International information
- First men's Test: 25–27 May 2007: Bangladesh v India
- Last men's Test: 08-12 May 2026: Bangladesh v Pakistan
- First men's ODI: 8 December 2006: Bangladesh v Zimbabwe
- Last men's ODI: 14 June 2026: Bangladesh v Australia
- First men's T20I: 11 October 2011: Bangladesh v West Indies
- Last men's T20I: 2 May 2026: Bangladesh v New Zealand
- First women's ODI: 17 February 2009: Pakistan v Sri Lanka
- Last women's ODI: 02 December 2024: Bangladesh v Ireland
- First women's T20I: 11 September 2012: Bangladesh v South Africa
- Last women's T20I: 4 April 2024: Bangladesh v Australia

= Sher-e-Bangla National Cricket Stadium =

Cricket ground

The Sher-e-Bangla National Cricket Stadium (SBNCS; শের-ই-বাংলা জাতীয় ক্রিকেট স্টেডিয়াম), also called Mirpur Stadium, is an International cricket ground at Mirpur, Dhaka, the capital of Bangladesh. Located 10 kilometres from the city centre, the ground holds approximately 25,000 people and is named after the Bengali statesman A. K. Fazlul Huq, who was accorded the title Sher-e-Bangla ("Tiger of Bengal").

==History==
The ground was originally constructed for football in late 1988 and first hosted matches at the 1988–89 Asian Club Championship. The venue was taken over by the Bangladesh Cricket Board in 2004, replacing the Bangabandhu National Stadium as the home of both the men's and women's national teams. The stadium has field dimensions of 186 m × 136 m.
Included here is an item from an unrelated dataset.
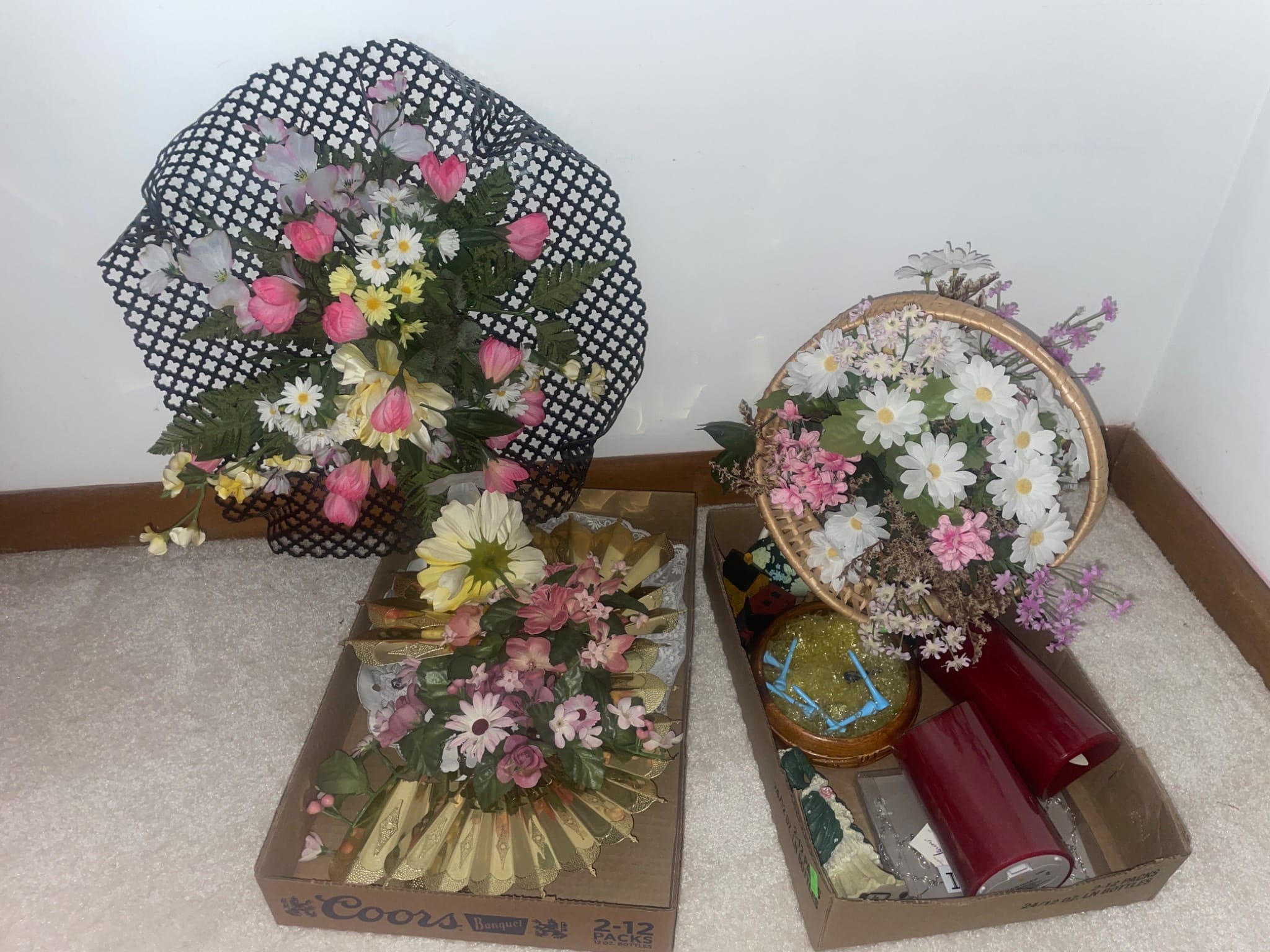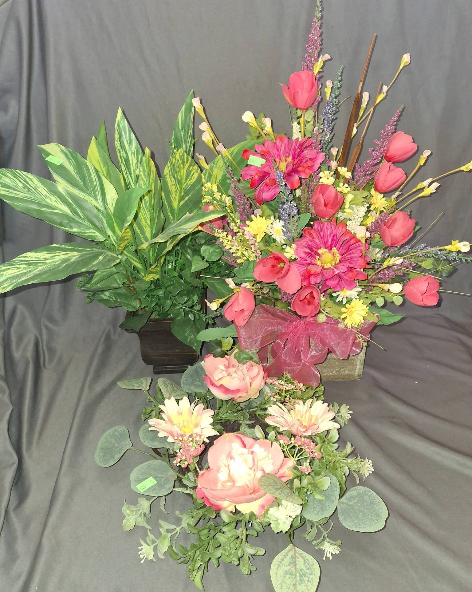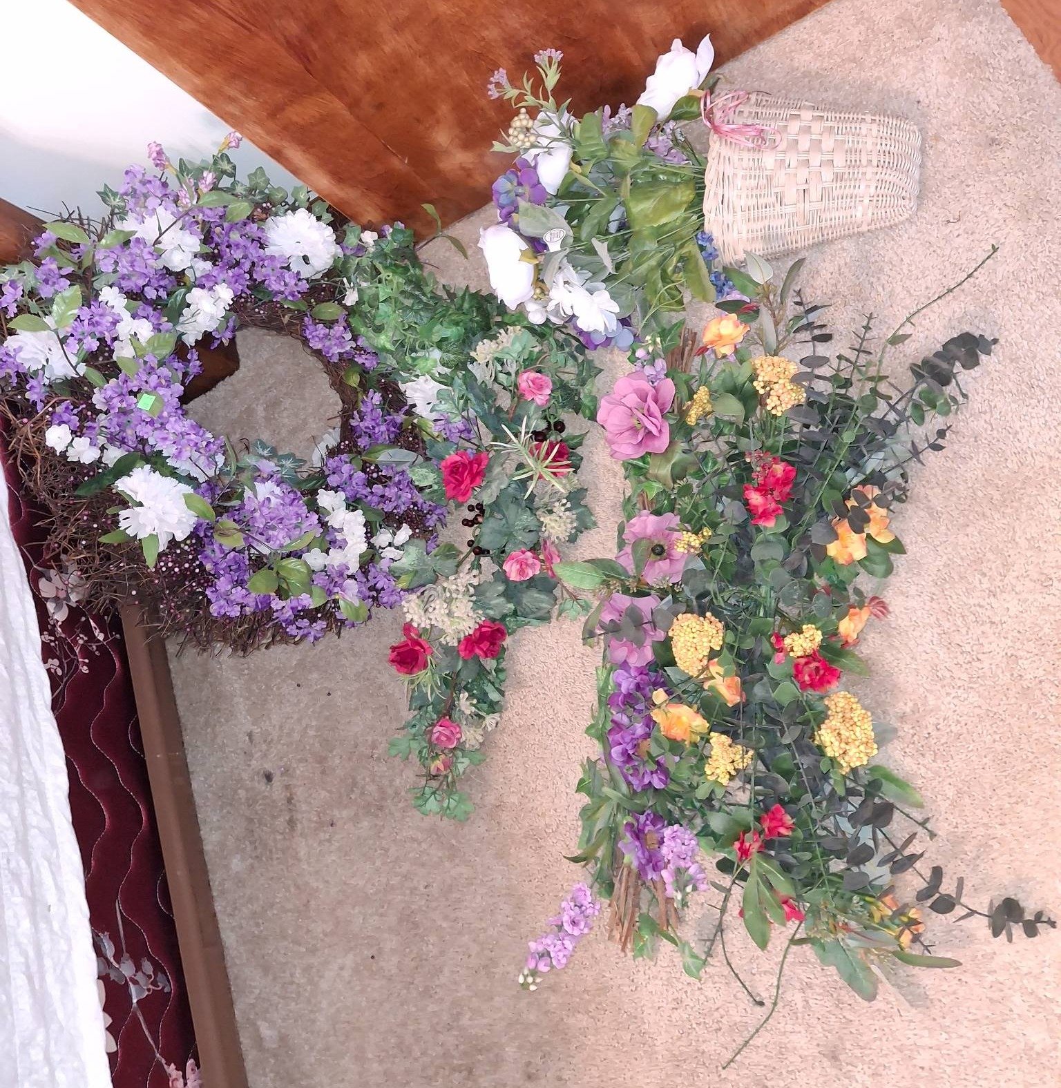 220 Artificial Floral Wreath, Hanging Basket, and Greenery Arrangement
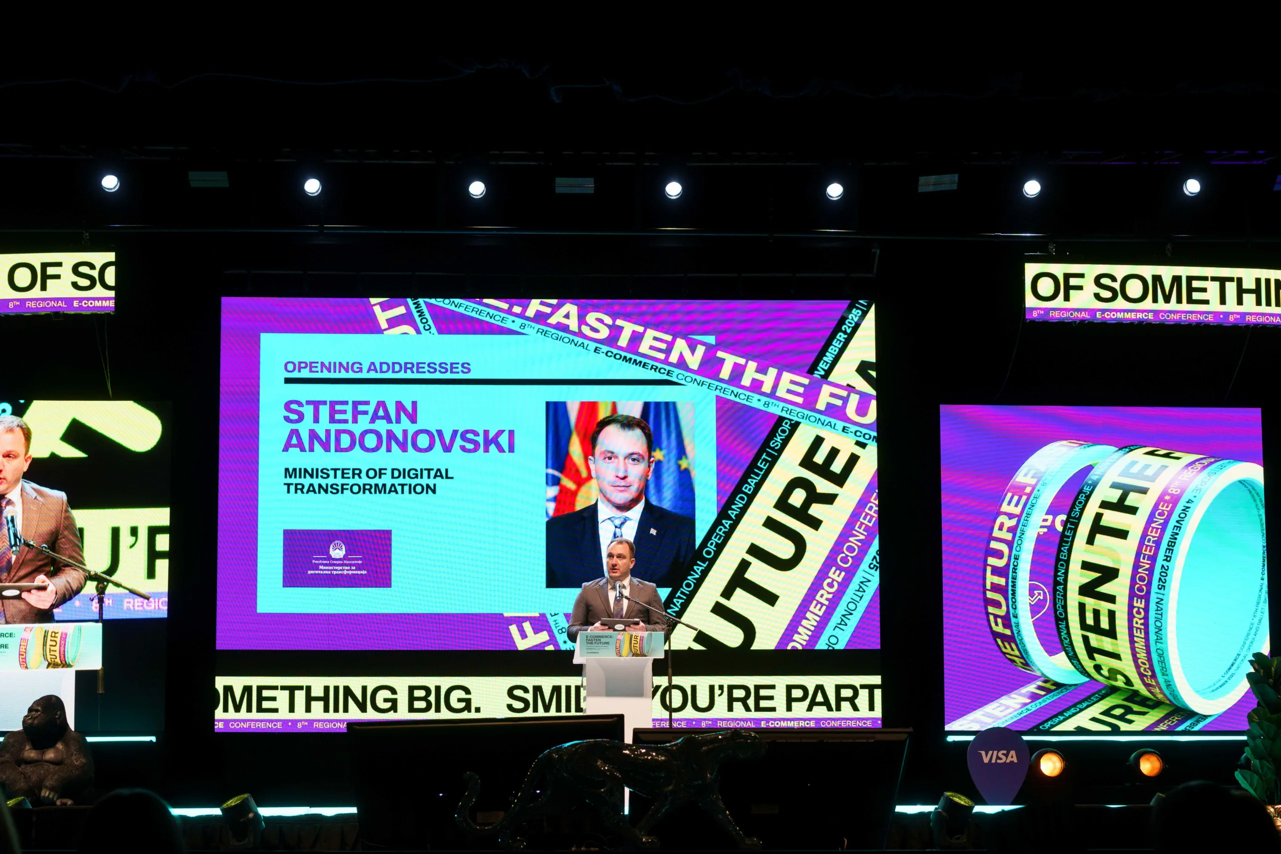 Министерот за дигитална трансформација, Стефан Андоновски, на отворањето на 8-та Регионална Е-комерц конференција во Скопје, истакна дека е-трговијата веќе не е алтернативен, туку доминантен економски модел, кој бара силна поддршка од државата преку модерни дигитални платформи, регулаторна предвидливост и иновации ориентирани кон пазарот.

The first international cricket match at the redeveloped ground was held in December 2006, and the stadium has since hosted matches of the 2011 World Cup, 2012 and 2014 Asia Cup, 2016 Asia Cup along with the majority of Bangladesh Premier League (BPL) matches. The finals of the 2014 ICC World Twenty20 and Women's World Twenty20 were hosted at the stadium. The stadium hosted its first International T20 on 11 October 2011, Bangladesh vs West Indies.

On 17 January 2018, during the 2017–18 Bangladesh Tri-Nation Series, it became the sixth and fastest venue to host 100 ODIs.

For the 2019–20 Bangabandhu BPL Final, 27,725 people gathered at this venue, the highest crowd attendance and beyond its official capacity.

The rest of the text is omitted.